• [GIVEN INFORMATION]:
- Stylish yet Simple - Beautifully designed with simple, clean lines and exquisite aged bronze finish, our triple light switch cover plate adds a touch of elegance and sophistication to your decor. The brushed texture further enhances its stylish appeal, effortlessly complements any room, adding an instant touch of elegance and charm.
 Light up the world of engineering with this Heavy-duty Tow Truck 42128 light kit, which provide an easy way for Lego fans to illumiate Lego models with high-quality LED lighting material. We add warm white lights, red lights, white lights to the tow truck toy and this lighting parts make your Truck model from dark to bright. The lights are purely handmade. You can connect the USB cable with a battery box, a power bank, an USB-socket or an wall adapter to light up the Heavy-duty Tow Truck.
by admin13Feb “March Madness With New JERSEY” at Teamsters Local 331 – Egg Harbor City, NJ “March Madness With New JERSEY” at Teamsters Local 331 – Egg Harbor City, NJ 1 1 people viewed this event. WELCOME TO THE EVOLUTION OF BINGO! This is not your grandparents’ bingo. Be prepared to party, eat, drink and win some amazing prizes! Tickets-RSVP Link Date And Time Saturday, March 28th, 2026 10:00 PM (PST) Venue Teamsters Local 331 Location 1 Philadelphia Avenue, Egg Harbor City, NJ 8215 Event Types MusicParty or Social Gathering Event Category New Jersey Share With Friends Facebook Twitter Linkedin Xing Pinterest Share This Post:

--

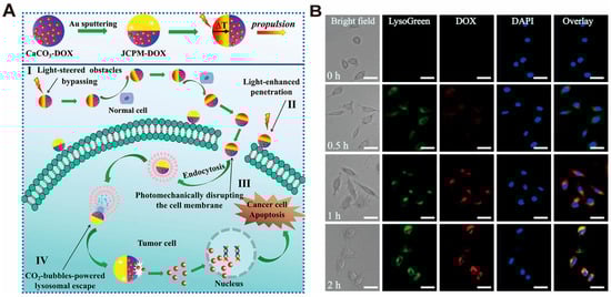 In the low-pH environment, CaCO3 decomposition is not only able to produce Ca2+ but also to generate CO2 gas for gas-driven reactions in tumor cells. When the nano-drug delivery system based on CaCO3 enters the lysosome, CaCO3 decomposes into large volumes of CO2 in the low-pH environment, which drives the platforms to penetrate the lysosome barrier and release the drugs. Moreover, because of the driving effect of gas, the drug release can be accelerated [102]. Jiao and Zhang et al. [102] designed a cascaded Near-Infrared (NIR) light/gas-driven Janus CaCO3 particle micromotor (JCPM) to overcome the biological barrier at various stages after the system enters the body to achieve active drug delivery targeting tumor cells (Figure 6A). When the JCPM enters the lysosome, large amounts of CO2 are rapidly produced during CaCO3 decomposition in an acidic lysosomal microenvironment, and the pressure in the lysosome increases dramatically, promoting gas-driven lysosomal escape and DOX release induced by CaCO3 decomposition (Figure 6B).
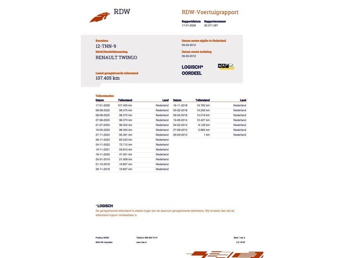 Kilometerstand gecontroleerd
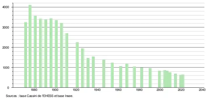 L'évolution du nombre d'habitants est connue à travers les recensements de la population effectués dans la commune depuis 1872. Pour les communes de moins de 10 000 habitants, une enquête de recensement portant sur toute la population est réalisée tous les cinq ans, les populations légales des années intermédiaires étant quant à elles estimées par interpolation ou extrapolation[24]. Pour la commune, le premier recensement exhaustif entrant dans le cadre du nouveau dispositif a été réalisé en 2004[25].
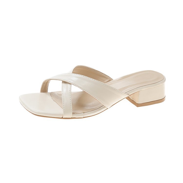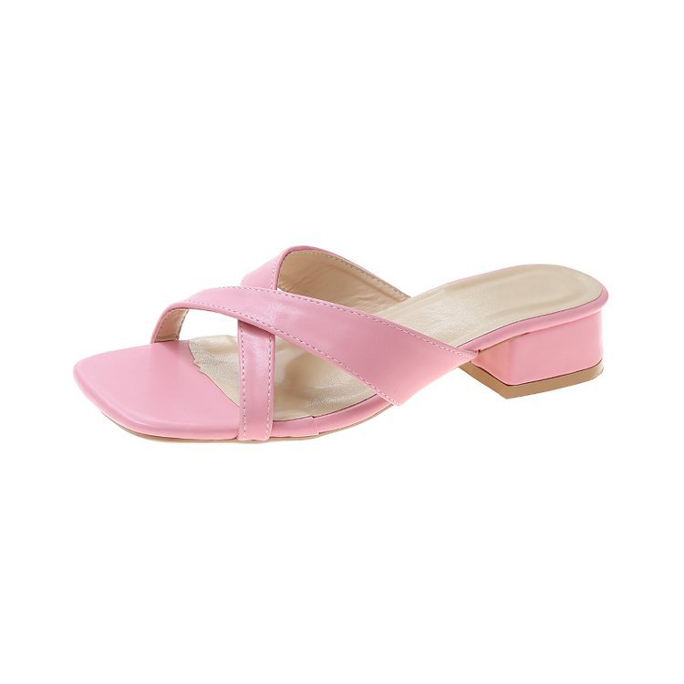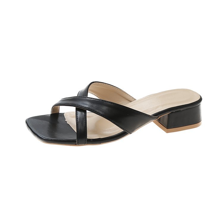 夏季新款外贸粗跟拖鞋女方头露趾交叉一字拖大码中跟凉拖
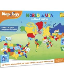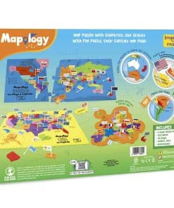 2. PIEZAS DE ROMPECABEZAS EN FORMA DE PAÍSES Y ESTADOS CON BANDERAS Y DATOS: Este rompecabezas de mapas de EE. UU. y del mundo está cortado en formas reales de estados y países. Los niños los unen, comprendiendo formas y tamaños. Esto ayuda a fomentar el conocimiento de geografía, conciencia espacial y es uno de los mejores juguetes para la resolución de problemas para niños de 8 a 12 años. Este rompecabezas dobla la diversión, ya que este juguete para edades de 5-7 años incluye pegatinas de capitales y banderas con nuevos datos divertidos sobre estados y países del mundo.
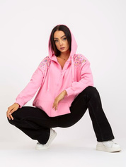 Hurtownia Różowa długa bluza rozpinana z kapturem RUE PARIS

...

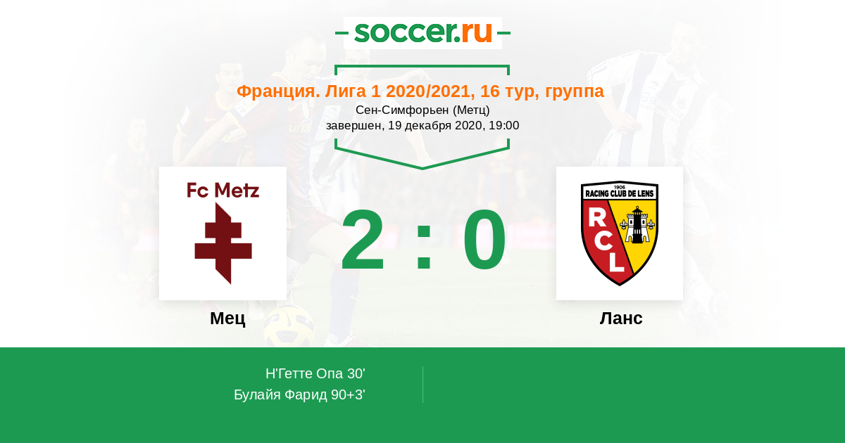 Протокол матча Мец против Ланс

• [TASK OBJECTIVE]: Only one number is needed: please count the lines of the entries above in which the string "this" occurs.

• [ANSWER SPACE]: 2